Zara whispers, “That just happened.” Scout growls, ears flat.
The jet flares, engines rotating to vertical, wheels down, and kisses the snow with barely a shiver. The base sprawls; buildings, old quonset huts and new modular structures. Several older, heavy, bunkers. Radomes and antennae, some crusted over with rime from years of idleness. The base was built for survellaince back in the 20's. Now, it hosted nuermous science experiments and technology demonstrations. Like the Deep Radar system. The ramp lowers; cold knifes into their lungs, a radical change from the tropics. Commander Peterson strides out in a polar suit, fabric buffeted in the wind. His face is friendly but the skin beneath his eyes is already turnign white.

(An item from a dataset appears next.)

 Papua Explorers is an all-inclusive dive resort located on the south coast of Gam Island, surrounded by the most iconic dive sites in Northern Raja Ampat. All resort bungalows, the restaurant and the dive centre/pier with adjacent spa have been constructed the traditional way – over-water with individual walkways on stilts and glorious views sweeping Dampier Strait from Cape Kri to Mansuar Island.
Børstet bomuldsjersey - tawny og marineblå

Zara cannot hold the question. "Sir, the ice -- was that normal?"
Peterson glances at the distant sea where the berg fell. "We're seeing fewer of them each year, but the glaciers still calve often enough," he says, voice muffled by the hood. "But that one was ... enthusiastic." He forces a smile that does not reach his eyes. "Come inside before the wind steals your voices."

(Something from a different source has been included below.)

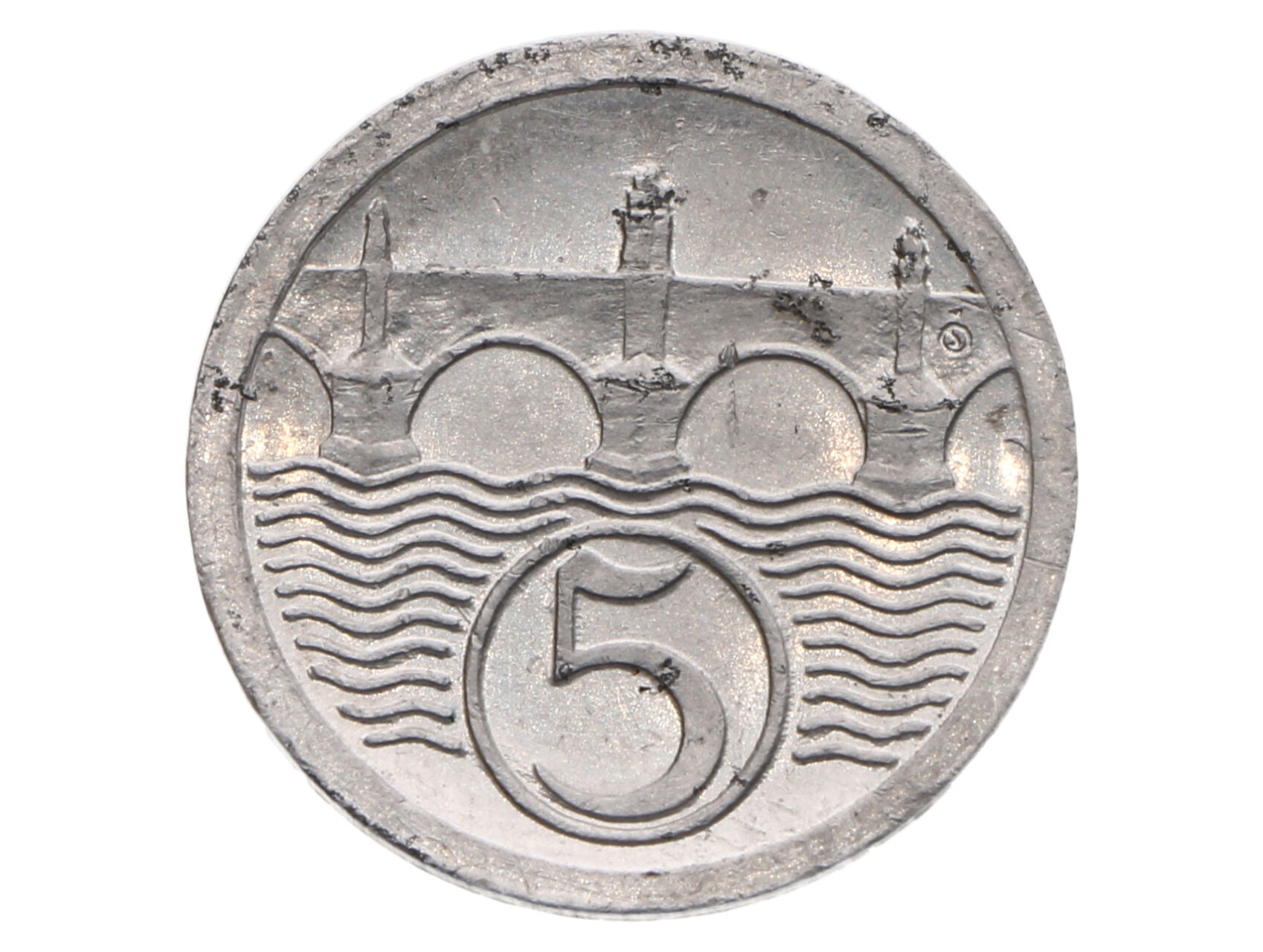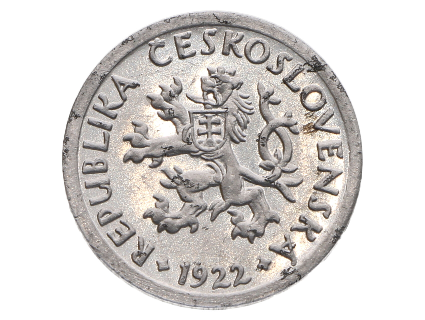 ČSSR 1945-1953 - 5 Haléř 1922, zkušební ražba Kremnica, průměr 20 mm, Al, O.Španiel, první odražek v návrhu měnové soustavy 1945, Chlapovič 73, 140, velmi vzácný

Behind him, the station crouches: geodesic domes mottled with frost, antenna arrays like skeletal trees, and, angling down into the ice, a tunnel mouth lit red by hazard strobes. The air tastes of metal and old snow.
The Deep Radar lab is thirty meters under the glacier, carved out by machines and lined with steel. Server racks almost glow, the computation alone to support the Deep Radar keeps the chill at bay. Vivian enters, trailed by Peterson and two technicians.

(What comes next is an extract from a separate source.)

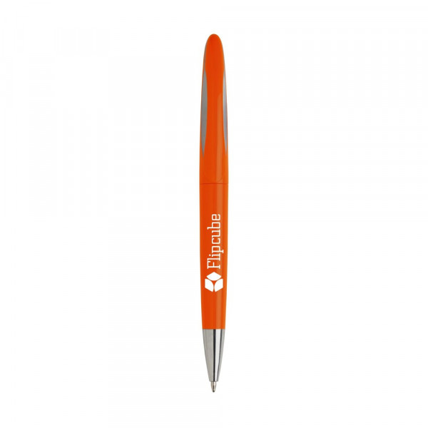 Blauwschrijvende balpen met fraai vormgegeven clip voorzien van een opvallend, grijs kleuraccent en draaikliksysteem.

Suspended at the center of the room is the Deep Radar itself: a torus of braided niobium strands wrapped around a vacuum chamber the size of a coffee urn, all suspended in a mass of wires, tubes, and gold foil. Quantum flux pumps whirr, cooling the core to twenty microkelvins. Vivian sits at the main console, brings up the master diagnostic plot, nods approvingly.
"Full-spectrum pulse, three-second chirp," she orders. "Let’s get a second look at your baseline." The torus whines -- a subsonic note felt in bone rather than ear. The servers roar; solving millions of simultenous equations to tease a 3-D raster out of the neutrino reflections. The holographic display lights above the console, showing a scan, two kilometers across. Inside it, the ragged edge seperating the Ice from the rock below shows a shadow. And along that boundary, a lighter oval band, perhaps a hundred meters across, speckled with blurry darker dots.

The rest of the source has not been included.